0

I have an XML file that I am finding and replacing emails and usernames in. It's all good but to avoid some duplicate user emails etc.. I am wanting to skip XML elements of specific types.

I can do this if I want to skip ONE specific time i.e.

/ApplicationUser/!s/"user.name"/"user.name@abc.com"/g

But not if I try multiple on the one sed command

/(OtherElement|ApplicationUser)/!s/"user.name"/"user.name@abc.com"/g

OR

/\(OtherElement\|ApplicationUser\)/!s/"user.name"/"user.name@abc.com"/g

OR

/\(OtherElement|ApplicationUser\)/!s/"user.name"/"user.name@abc.com"/g

I am loading in the commands from a file if that is relevant. I'm assuming it has something to do with my pattern at the start trying to match 1 or more words but not sure.

Cyrus
  • 84,225
  • 14
  • 89
  • 153
Colin Goudie
  • 845
  • 5
  • 10

3 Answers3

1

So, the regular expression syntax depends on the version of sed you're using.

First off, according to the POSIX specification, basic regular expressions (BRE) do not support alternation.
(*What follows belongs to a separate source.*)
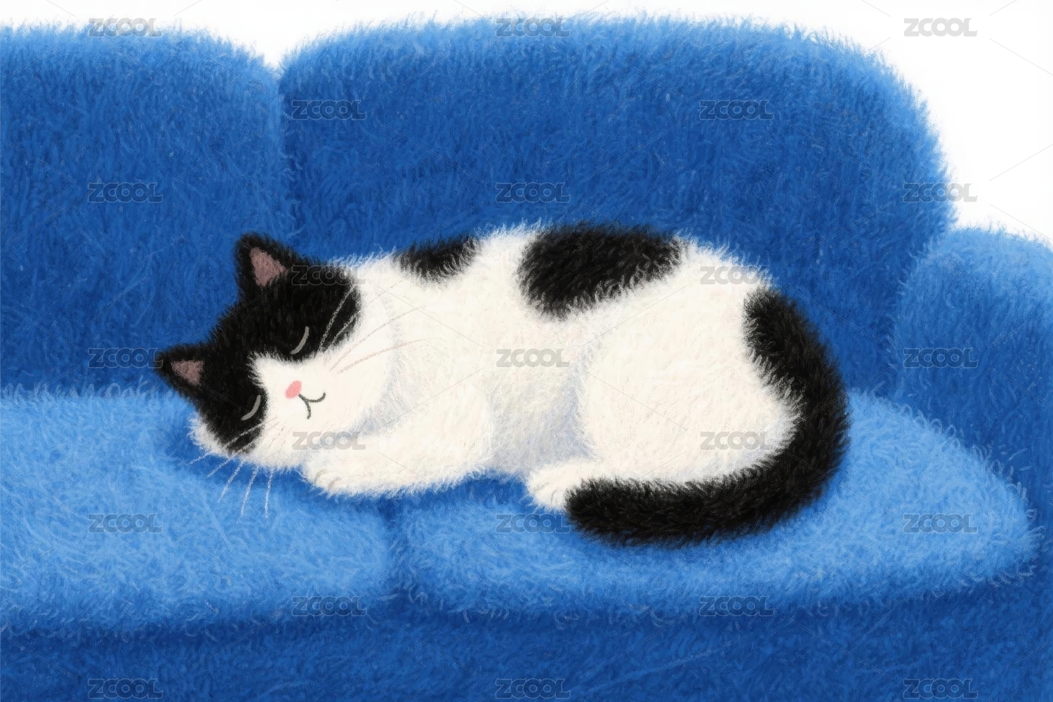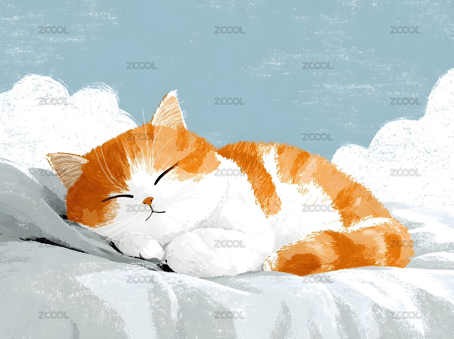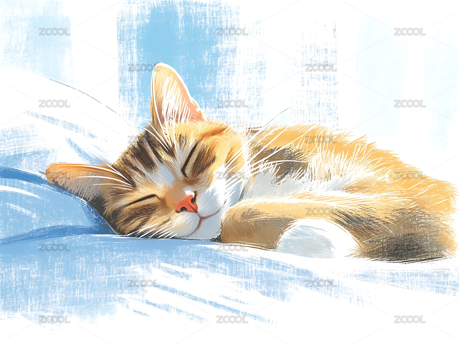 小猫,睡觉,枕头,蓝色,舒服,惬意,橙色,白色,休息,可爱
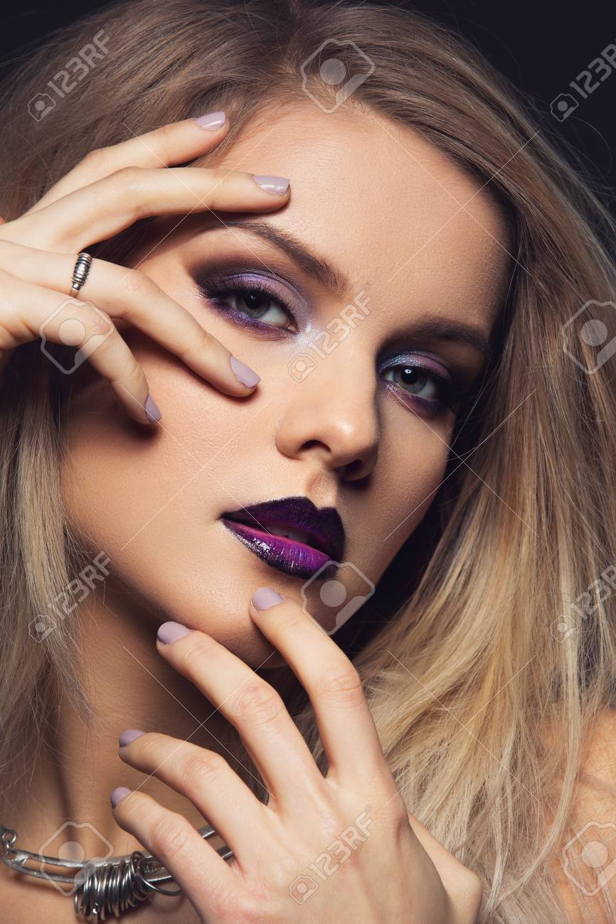 Hermosa Mujer Joven Con Maquillaje De Ojos Morado Oscuro Y Labios. Moderno Cabello Rubio Y Esponjoso Estilo. Studio Belleza Disparó Sobre Fondo Negro. Copia Espacio Fotos, retratos, imágenes y fotografía de archivo

However, tools do not necessarily follow the specification and, in particular, different versions of sed have different behavior.

The examples below are all processing this file:

$ cat sed-re-test.txt
OtherElement "user.name"
OnlyReplaceMe "user.name"
ApplicationUser "user.name"

GNU sed

The GNU sed BRE variant supports alternation but the | metacharacter (along with ( and )) must be escaped with a \. If you use -E flag to enable Extended Regular Expressions (ERE), then the metacharacters must not be escaped.

$ sed --version
sed (GNU sed) 4.4
<...SNIP...>

GNU sed BRE variant (with escaped metacharacters): WORKS

$ cat sed-re-test.txt  | sed '/\(OtherElement\|ApplicationUser\)/!s/"user.name"/"user.name@abc.com"/g'
OtherElement "user.name"
OnlyReplaceMe "user.name@abc.com"
ApplicationUser "user.name"

GNU sed ERE (with unescaped metacharacters): WORKS

$ cat sed-re-test.txt  | sed -E '/(OtherElement|ApplicationUser)/!s/"user.name"/"user.name@abc.com"/g'
OtherElement "user.name"
OnlyReplaceMe "user.name@abc.com"
ApplicationUser "user.name"

BSD/MacOS sed

BSD sed does not support alternation in BRE mode. You must use -E to enable alternation support.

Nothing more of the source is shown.